Толпа прохожих расступилась, заслыша стук копыт, и старик с косой очутился как раз рядом с нашей повозкой.
— Куда путь держишь? — весело окрикнул его Демьян Ильич и прибавил: — али Демьяна не узнал?
Очевидно уже слабевший глазами старик, ласково улыбаясь беззубым ртом, вдруг радостно проговорил:
— К тебе, к тебе, Демьян!
— Тебе у меня всегда место будет, — не без важности произнес Демьян Ильич. — Правду тебе ежели сказать, артель у меня — вполне, ну для тебя, как я тебя знаю, всегда будет место.
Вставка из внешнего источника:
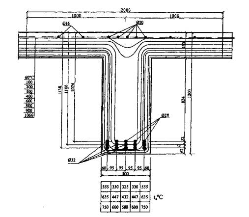 Рис. 5.14. К примеру 7. Сечение в пролете балки перекрытия туннеля пролетом 20 м при длительности стандартного пожара 180 мин Расчет. По рис. Б.2 приложения Б находим температуру прогрева бетона в балке и плите, интерполируя температуры бетона по ширине балки до 500 мм и по высоте до 1200 мм и экстраполируя температуры бетона плиты высотой 200 мм до 250 мм (рис. 5.14). При огневом воздействии арматура прогревается до 750 °С. Для каждого стержня арматуры по табл. 2.8 находим коэффициент условия работы арматуры γst в зависимости от температуры стержня при: ts = 330 °С 3Ø28 As = 1847 мм2 γst = 0,96; ts = 555 °С 2Ø28 As = 1232 мм2 γst = 0,49; ts = 447 °С 3Ø32 As = 2413 мм2 γst = 0,73; ts = 635 °С 2Ø32 As = 1609 мм2 γst = 0,33; ts = 600 °С 3Ø32 As = 2413 мм2 γst = 0,37; ts = 750°С 2Ø32 As = 1609 мм2 γst = 0,16. Рабочая высота: h01 = 1200 - 62 = 1138 мм; h02 = 1200 - 94 = 1106 мм; h03 = 1200 - 126 = 1074 мм; h'0 = 1200 - 45 - 53 = 1102 мм. Критические значения температуры нагрева бетона на силикатном заполнителе (п. 1.21) - tb,cr = 500 °С. Глубину прогрева бетона до критической температуры находим по рис. А2 и 5.2. Для плиты и балки глубина прогрева бетона до 500 °С при длительности пожара 180 мин составляет 53 мм. Приведенная ширина балки определяется по формуле (5.1) bt = 500 - 2·53 = 394 мм и приведенная высота плиты - по формуле (5.3) h'ft = 250 - 53 = 197 мм. Свесы полки в расчете должны быть не более 1/6l = 1/6·20000 = 3333 мм и не более 0,5·2000 = 1000 мм. Ширина полки bft = 500 + 2·1000 = 2500 мм. Проверяем условия (5.24). Левая часть условия равна (при МПа = Н/мм2) ΣRsntАs = 400·0,96·1847 + 400·0,49·1232 + 400·0,73·2413 + 400·0,33·1609 + + 400·0,37·2413 + 400·0,16·1609 = 23,27·105 Н Rsnt = 355 МПа; A's = 1571 мм2. Правая часть условия равна 22·2500·197 + 355·1571 = 114·105 Н > 23,27·105 Н. Сжатая зона проходит в полке. Высота сжатой зоны по формуле (5.9) равна

— Уж и Варьку возьми, дочку…
Тут мы увидели и Варвару. Это была довольно высокая девушка с самой обыкновенной, ординарной белокурой физиономией и, кажется, немного косая. Белокурые волосы, белокурые глаза, белокурая косичка с мышиный хвост величиной — все говорило о том, что на красоту ее никто не позарится. Да и одежда у ней была неказистая: платочек в гривенник на голове и старый шерстяной платок на плечах, узлом завязанный на спине, худенькое и вылинявшее ситцевое платье, все это говорило прямо о бедности, но радушное выражение этого обыкновеннейшего, кой-как вылепленного лица, приветливое и притом «так просто» приветливое, как просто выражалось оно у старика отца, и та же отцовская сильная порода, которая сама собой чувствовалась в его дочери, как-то невольно обязывали быть внимательным к ним обоим — и к отцу и к дочери.
— Ну что ж! — сказал Демьян Ильич, подумав немного: — идите! найдется место. Не забыл дорогу-то?
— Вот, забыть! К хорошим людям дорогу не забывают… Помню.
— А помнишь, так и ступайте с богом. Найдется!
— Возьми узелки-то, — сказал старик. — Домой, чай, едешь?
— Домой — клади!
Старик и его дочь сняли свои ноши — старый полушубок отца и черную ваточную куцавейку дочери, — которые они несли на спинах, обвязав кушаками, и положили в телегу. Сказав еще раз: «Ступайте, ступайте с богом — найдется!», Демьян Ильич погнал лошадь пошибче. Старик и его дочь остались позади.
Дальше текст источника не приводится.